**Work to complete**
Exactly the lines from the start of the data below through the line that contains "Хаял, продуктовый магазин" are to be copied, with pictures left out.

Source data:
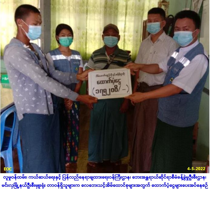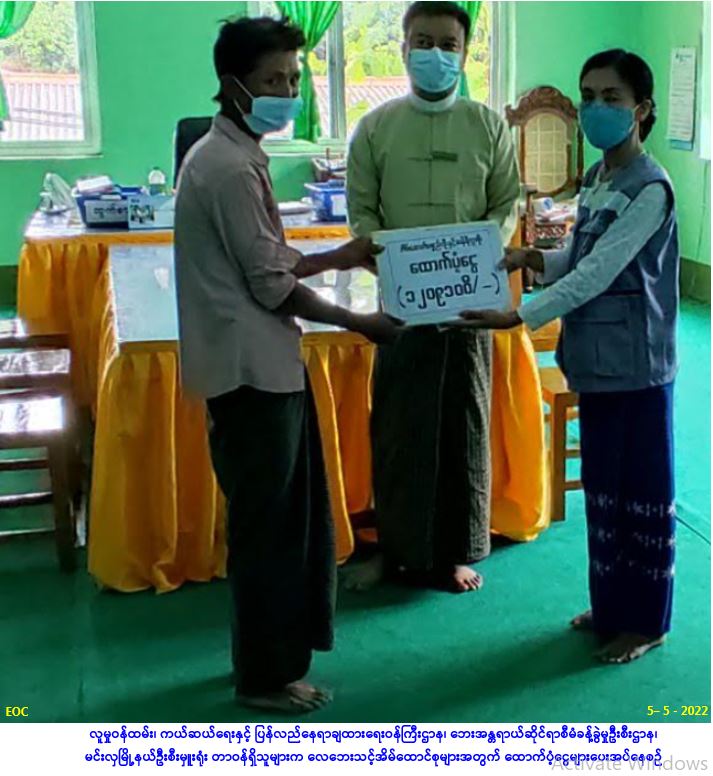 လူမှုဝန်ထမ်း၊ ကယ်ဆယ်ရေးနှင့် ပြန်လည်နေရာချထားရေဝန်ကြီးဌာန၊ ဘေးအန္တရာယ်ဆိုင်ရာစီမံခန့်ခွဲမှုဦးစီးဌာန၊ ပဲခူးတိုင်းဒေသကြီး၊ သာယာဝတီခရိုင်၊ မင်းလှမြို့နယ်ဦးစီးမှူးရုံးမှ တာဝန်ရှိသူများသည် မင်းလှမြို့နယ်၊ ထောက်ကြံ့ကျေးရွာအုပ်စု၊ ဘန့်ဘွေးပင်ကျေးရွာ၌ (၃-၅-၂၀၂၂)ရက်နေ့(၁၅း၃၀)နာရီအချိန်တွင် ဖြစ်ပွားခဲ့သော လေဘေးကြောင့် အမိုးလန်နေအိမ် (၂၁)လုံးအတွက် အိမ်ဆောက်ပစ္စည်းဖိုးထောက်ပံ့ငွေ (၁,၀၆၀,၀၀ဝ/-)၊ လူဦးရေ (၇၁) ဦးအတွက် ဆန်ရိက္ခာဖိုးထောက်ပံ့ငွေ (၁၄၉,၁၀ဝ/-)၊ စုစုပေါင်းထောက်ပံ့ငွေ (၁,၂၀၉,၁၀ဝ/-)ကျပ်တို့အား (၅-၅-၂၀၂၂)ရက်နေ့၊(၁၁:၀၀)နာရီအချိန်တွင် မြို့နယ်အထွေထွေအုပ်ချုပ်ရေးဦးစီးဌာနမှ မြို့နယ်အုပ်ချုပ်ရေးမှူးနှင့်တာဝန်ရှိသူများ၊ ကျေးရွာအုပ်ချုပ်ရေးမှူး၊ ပြန်ကြားရေးနှင့်ပြည်သူ့ဆက်ဆံရေးဦးစီးဌာနမှ တာဝန်ရှိသူများ နှင့်အတူ အထွေထွေအုပ်ချုပ်ရေးဦးစီးဌာန အစည်းအဝေးခန်းမ၌ ဘေးသင့်ပြည်သူများလက်ဝယ်သို့ ထောက်ပံ့ ပေးအပ်ခဲ့ကြောင်း သတင်းရရှိပါသည်။ #ha_sgw #bgo_may2022 … Read more
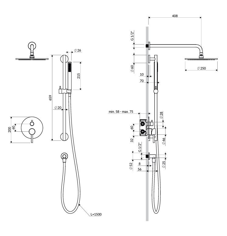 - Dažďová sprcha s ramenom ( WGSET1BSB ), mosadz, rozmer: ø25 cm, dosah od steny: 41 cm
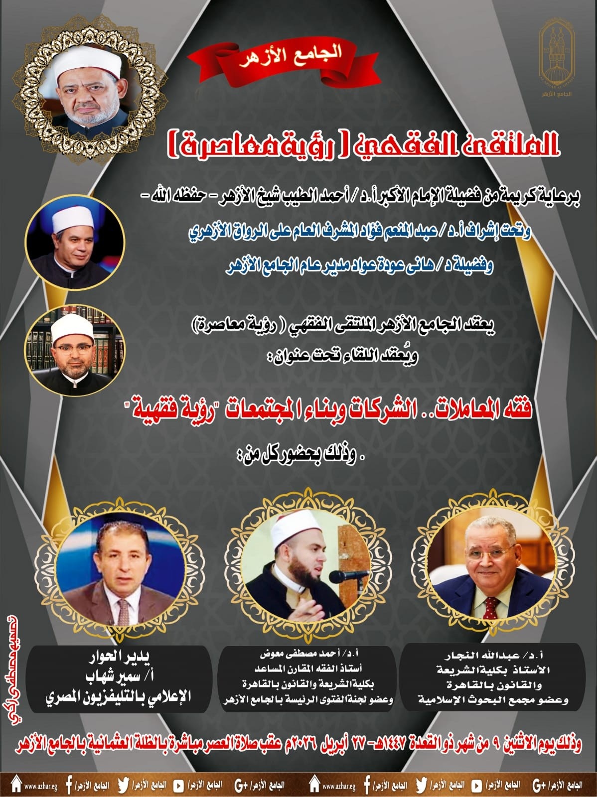 يأتي هذا اللقاء برعاية كريمة من الإمام الأكبر أ.د أحمد الطيب، شيخ الأزهر، حيث يعقد غداً الجامع الأزهر، الملتقى الفقهي بين الشرع والطب الثاني والخمسون بعنوان "رؤية معاصرة"، والذي يناقش على مائدته: فقه المعاملات.. الشركات وبناء المجتمعات "رؤية فقهية" ويستضيف الملتقى: أ.د عبد الله النجار، أستاذ الفقه بكلية الشريعة والقانون بالقاهرة، وعضو مجمع البحوث الإسلامية، وأ.د أحمد مصطفى معوض، أستاذ الفقه المقارن المساعد بكلية الشريعة والقانون بالقاهرة، وعضو لجنة الفتوى الرئيسة بالجامع الأزهر، ويُدير الحوار ا/ سمير شهاب، الإعلامي بالتلفزيون المصري.
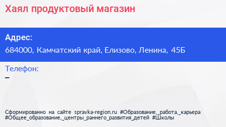 Хаял, продуктовый магазин по адресу 684000, Камчатский край, Елизово, Ленина, 45Б в дальнейшем Организация, размещена в следующих категориях:
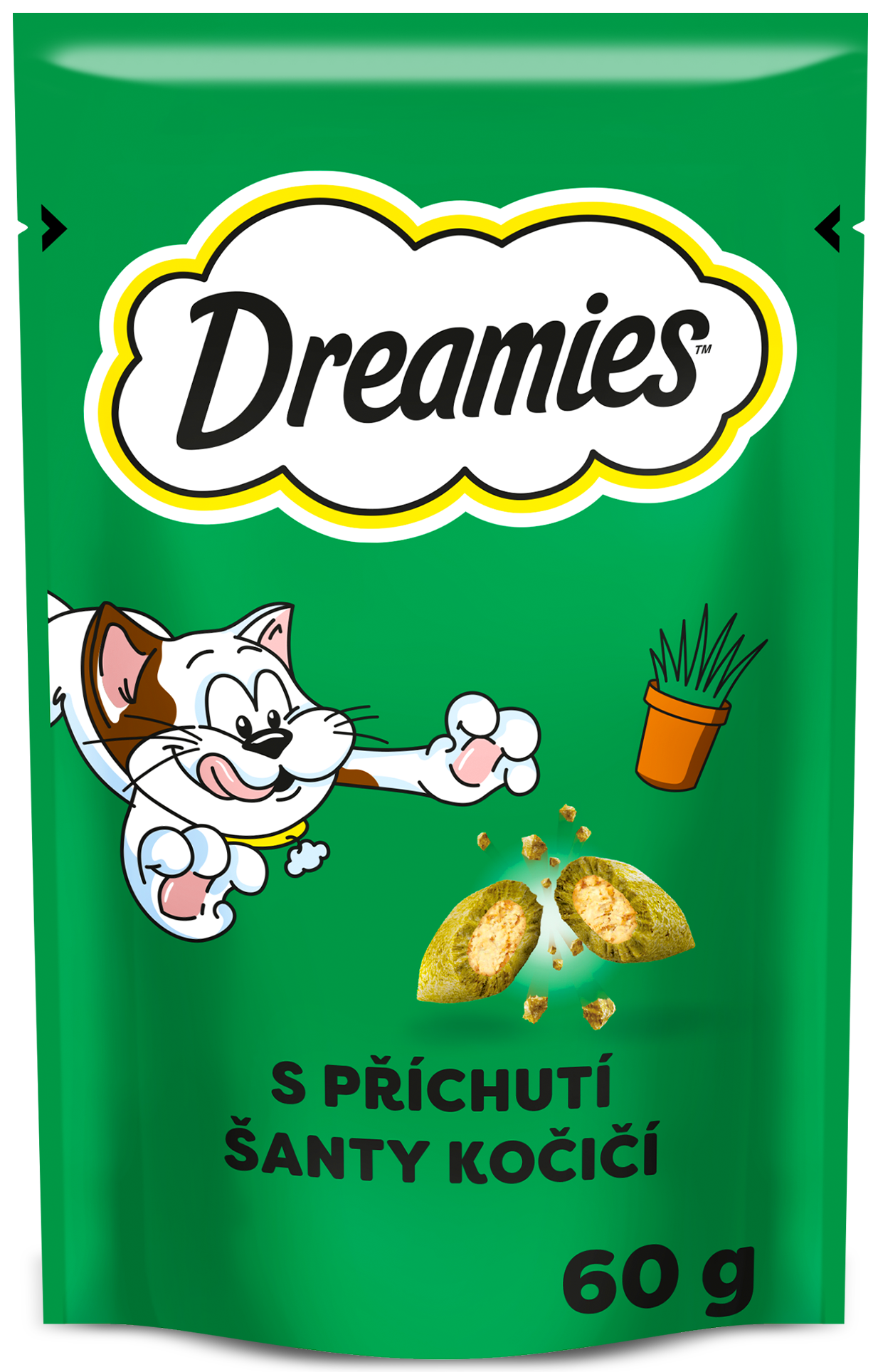 Kočky šílí po neodolatelné chuti kočičích pamlsků DREAMIES. Lahodné a křupavé zvenku, měkké uvnitř – kočky jednoduše nedokáží odolat skvělé chuti DREAMIES. Tak jen do toho, zatřeste sáčkem a sledujte, jak se k vám vaše kočka rozběhne.
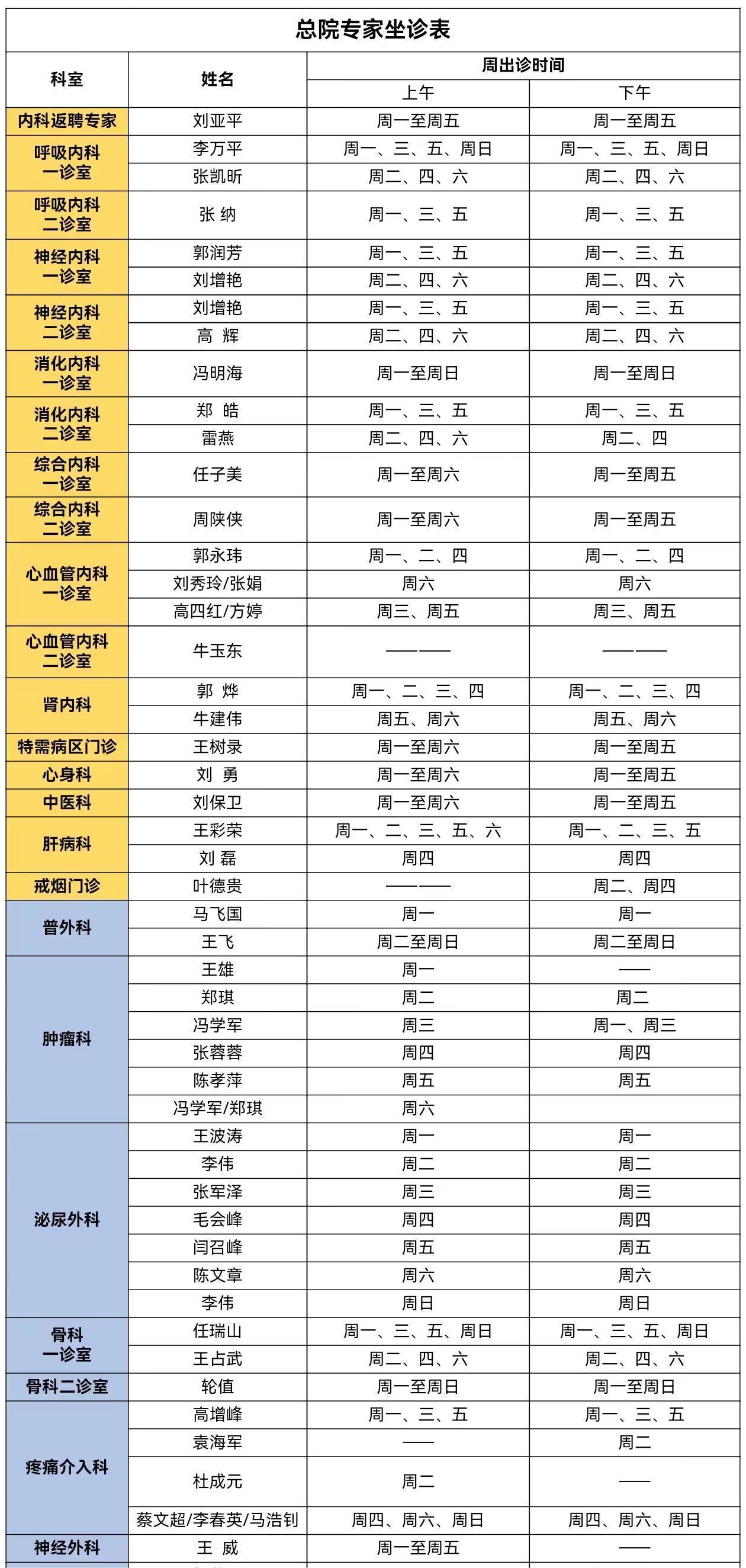 靖边县人民医院门诊专家出诊信息(3月18日—3月24日)

**Task result**
 လူမှုဝန်ထမ်း၊ ကယ်ဆယ်ရေးနှင့် ပြန်လည်နေရာချထားရေဝန်ကြီးဌာန၊ ဘေးအန္တရာယ်ဆိုင်ရာစီမံခန့်ခွဲမှုဦးစီးဌာန၊ ပဲခူးတိုင်းဒေသကြီး၊ သာယာဝတီခရိုင်၊ မင်းလှမြို့နယ်ဦးစီးမှူးရုံးမှ တာဝန်ရှိသူများသည် မင်းလှမြို့နယ်၊ ထောက်ကြံ့ကျေးရွာအုပ်စု၊ ဘန့်ဘွေးပင်ကျေးရွာ၌ (၃-၅-၂၀၂၂)ရက်နေ့(၁၅း၃၀)နာရီအချိန်တွင် ဖြစ်ပွားခဲ့သော လေဘေးကြောင့် အမိုးလန်နေအိမ် (၂၁)လုံးအတွက် အိမ်ဆောက်ပစ္စည်းဖိုးထောက်ပံ့ငွေ (၁,၀၆၀,၀၀ဝ/-)၊ လူဦးရေ (၇၁) ဦးအတွက် ဆန်ရိက္ခာဖိုးထောက်ပံ့ငွေ (၁၄၉,၁၀ဝ/-)၊ စုစုပေါင်းထောက်ပံ့ငွေ (၁,၂၀၉,၁၀ဝ/-)ကျပ်တို့အား (၅-၅-၂၀၂၂)ရက်နေ့၊(၁၁:၀၀)နာရီအချိန်တွင် မြို့နယ်အထွေထွေအုပ်ချုပ်ရေးဦးစီးဌာနမှ မြို့နယ်အုပ်ချုပ်ရေးမှူးနှင့်တာဝန်ရှိသူများ၊ ကျေးရွာအုပ်ချုပ်ရေးမှူး၊ ပြန်ကြားရေးနှင့်ပြည်သူ့ဆက်ဆံရေးဦးစီးဌာနမှ တာဝန်ရှိသူများ နှင့်အတူ အထွေထွေအုပ်ချုပ်ရေးဦးစီးဌာန အစည်းအဝေးခန်းမ၌ ဘေးသင့်ပြည်သူများလက်ဝယ်သို့ ထောက်ပံ့ ပေးအပ်ခဲ့ကြောင်း သတင်းရရှိပါသည်။ #ha_sgw #bgo_may2022 … Read more
 - Dažďová sprcha s ramenom ( WGSET1BSB ), mosadz, rozmer: ø25 cm, dosah od steny: 41 cm
 يأتي هذا اللقاء برعاية كريمة من الإمام الأكبر أ.د أحمد الطيب، شيخ الأزهر، حيث يعقد غداً الجامع الأزهر، الملتقى الفقهي بين الشرع والطب الثاني والخمسون بعنوان "رؤية معاصرة"، والذي يناقش على مائدته: فقه المعاملات.. الشركات وبناء المجتمعات "رؤية فقهية" ويستضيف الملتقى: أ.د عبد الله النجار، أستاذ الفقه بكلية الشريعة والقانون بالقاهرة، وعضو مجمع البحوث الإسلامية، وأ.د أحمد مصطفى معوض، أستاذ الفقه المقارن المساعد بكلية الشريعة والقانون بالقاهرة، وعضو لجنة الفتوى الرئيسة بالجامع الأزهر، ويُدير الحوار ا/ سمير شهاب، الإعلامي بالتلفزيون المصري.
 Хаял, продуктовый магазин по адресу 684000, Камчатский край, Елизово, Ленина, 45Б в дальнейшем Организация, размещена в следующих категориях:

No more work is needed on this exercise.